= Lithuanian Men's Curling Championship =

The Lithuanian Men's Curling Championship (Lietuvos kerlingo čempionatas (vyrai), Lietuvos vyrų kerlingo čempionatas) is the national championship of men's curling in Lithuania. It has been held annually since 2006 and organized by the Lithuanian Curling Association.
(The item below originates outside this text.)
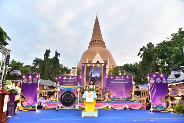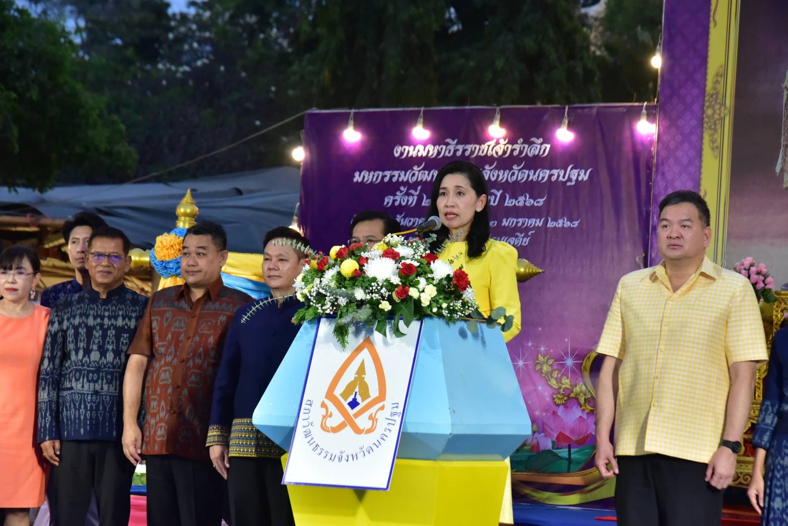 วันที่ 26 ธันวาคม 2567 ที่บริเวณลานหน้าพระร่วงโรจนฤทธิ์ฯ องค์พระปฐมเจดีย์ อำเภอเมืองนครปฐม จังหวัดนครปฐม นางสาวอโรชา นันทมนตรี รองผู้ว่าราชการจังหวัดนครปฐม รักษาราชการแทนผู้ว่าราชการจังหวัดนครปฐม พร้อมด้วยรองผู้ว่าราชการจังหวัดนครปฐม รองนายกเหล่ากาชาดจังหวัดนครปฐม หัวหน้าส่วนราชการ ข้าราชการ ผู้นำท้องถิ่น กำนันผู้ใหญ่บ้าน ผู้นำชุมชน นักเรียน นักศึกษา และประชาชนจากทั้ง 7 อำเภอ ร่วมเปิดงานมหาธีรราชเจ้ารำลึก มหกรรมวัฒนธรรมจังหวัดนครปฐม ครั้งที่ 20 ประจำปี 2567

Championship is held in conjunction with Lithuanian Women's Curling Championship.

In 2013 championship was "absolute" - for men's, women's and mixed teams.

==List of champions==
Teams line-up in order: fourth, third, second, lead, alternate, coach; skips marked in bold.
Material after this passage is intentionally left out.